On Dec 17, 2013, at 11:51 AM, Weston Andros Adamson <dros@xxxxxxxxxx> wrote:

> When a task enters call_refreshresult with status 0 from call_refresh and
> !rpcauth_uptodatecred(task) it enters call_refresh again with no rate-limiting
> or max number of retries.
> 
> Instead of trying forever, make use of the retry path that other errors use.
> 
> This only seems to be possible when the crrefresh callback is gss_refresh_null,
> which only happens when destroying the context.
> 
> To reproduce:
> 
> 1) mount with sec=krb5 (or sec=sys with krb5 negotiated for non FSID specific
>   operations).
> 
> 2) reboot - the client will be stuck and will need to be hard rebooted
> 
> BUG: soft lockup - CPU#0 stuck for 22s! [kworker/0:2:46]

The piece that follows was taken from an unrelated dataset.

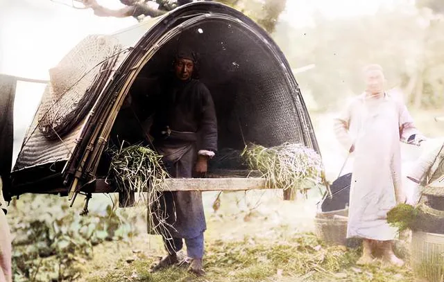 这个弧顶的东西叫鸭棚子,两头木框托着,下面铺草,挑起来就能走,放鸭子的人困了能在里面打个盹,轻便得很,像一座移动的小屋。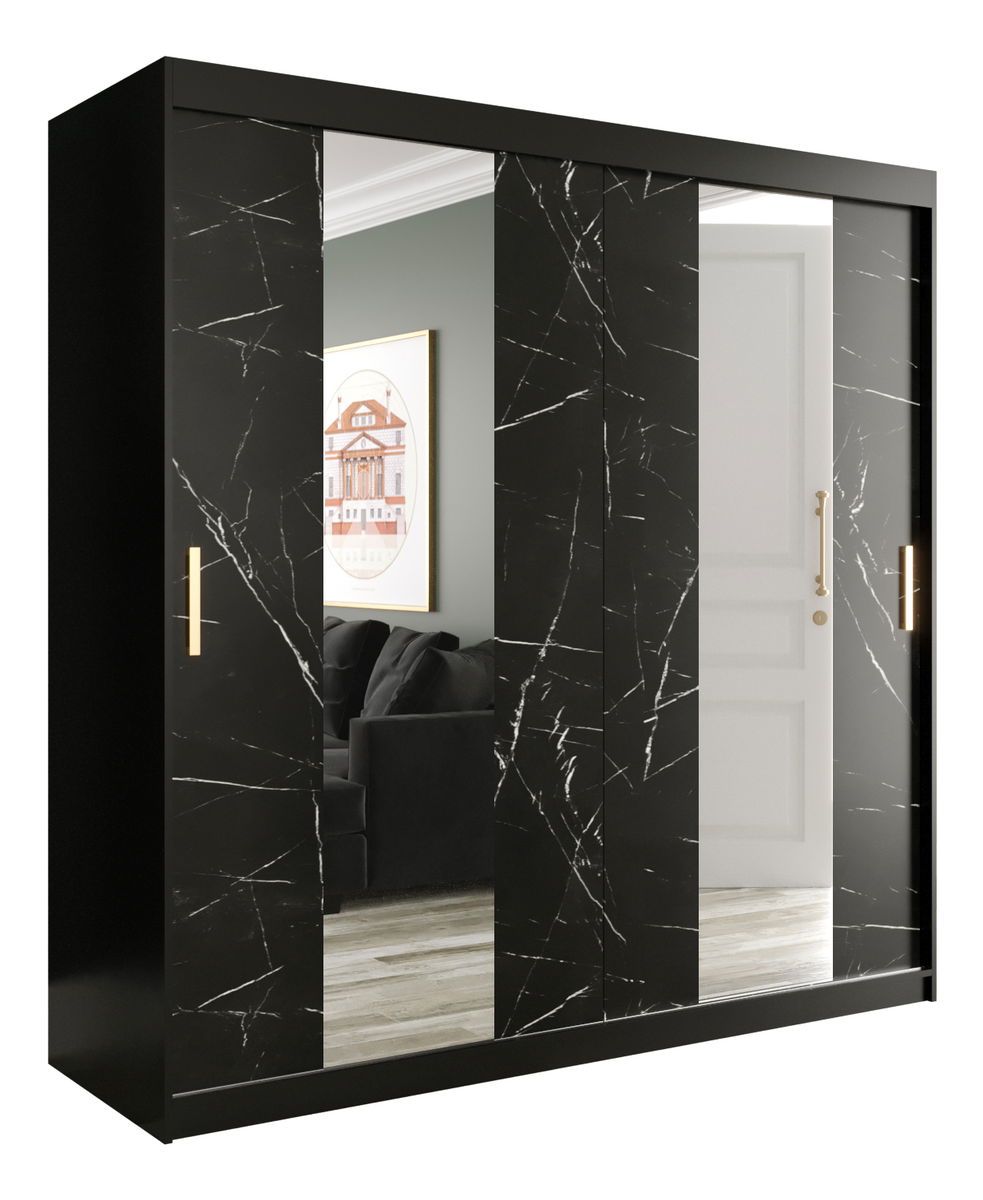 Šatní skříň 200 cm Marbelo P (matná černá + černý mramor)

> Modules linked in: rpcsec_gss_krb5 nfsv4 nfs fscache ppdev crc32c_intel aesni_intel aes_x86_64 glue_helper lrw gf128mul ablk_helper cryptd serio_raw i2c_piix4 i2c_core e1000 parport_pc parport shpchp nfsd auth_rpcgss oid_registry exportfs nfs_acl lockd sunrpc autofs4 mptspi scsi_transport_spi mptscsih mptbase ata_generic floppy
> irq event stamp: 195724
> hardirqs last  enabled at (195723): [<ffffffff814a925c>] restore_args+0x0/0x30
> hardirqs last disabled at (195724): [<ffffffff814b0a6a>] apic_timer_interrupt+0x6a/0x80
> softirqs last  enabled at (195722): [<ffffffff8103f583>] __do_softirq+0x1df/0x276
> softirqs last disabled at (195717): [<ffffffff8103f852>] irq_exit+0x53/0x9a
> CPU: 0 PID: 46 Comm: kworker/0:2 Not tainted 3.13.0-rc3-branch-dros_testing+ #4
> Hardware name: VMware, Inc. VMware Virtual Platform/440BX Desktop Reference Platform, BIOS 6.00 07/31/2013
> Workqueue: rpciod rpc_async_schedule [sunrpc]
> task: ffff8800799c4260 ti: ffff880079002000 task.ti: ffff880079002000
> RIP: 0010:[<ffffffffa0064fd4>]  [<ffffffffa0064fd4>] __rpc_execute+0x8a/0x362 [sunrpc]
> RSP: 0018:ffff880079003d18  EFLAGS: 00000246
> RAX: 0000000000000005 RBX: 0000000000000007 RCX: 0000000000000007
> RDX: 0000000000000007 RSI: ffff88007aecbae8 RDI: ffff8800783d8900
> RBP: ffff880079003d78 R08: ffff88006e30e9f8 R09: ffffffffa005a3d7
> R10: ffff88006e30e7b0 R11: ffff8800783d8900 R12: ffffffffa006675e
> R13: ffff880079003ce8 R14: ffff88006e30e7b0 R15: ffff8800783d8900
> FS:  0000000000000000(0000) GS:ffff88007f200000(0000) knlGS:0000000000000000
> CS:  0010 DS: 0000 ES: 0000 CR0: 0000000080050033
> CR2: 00007f3072333000 CR3: 0000000001a0b000 CR4: 00000000001407f0
> Stack:
> ffff880079003d98 0000000000000246 0000000000000000 ffff88007a9a4830
> ffff880000000000 ffffffff81073f47 ffff88007f212b00 ffff8800799c4260
> ffff8800783d8988 ffff88007f212b00 ffffe8ffff604800 0000000000000000
> Call Trace:
> [<ffffffff81073f47>] ? trace_hardirqs_on_caller+0x145/0x1a1
> [<ffffffffa00652d3>] rpc_async_schedule+0x27/0x32 [sunrpc]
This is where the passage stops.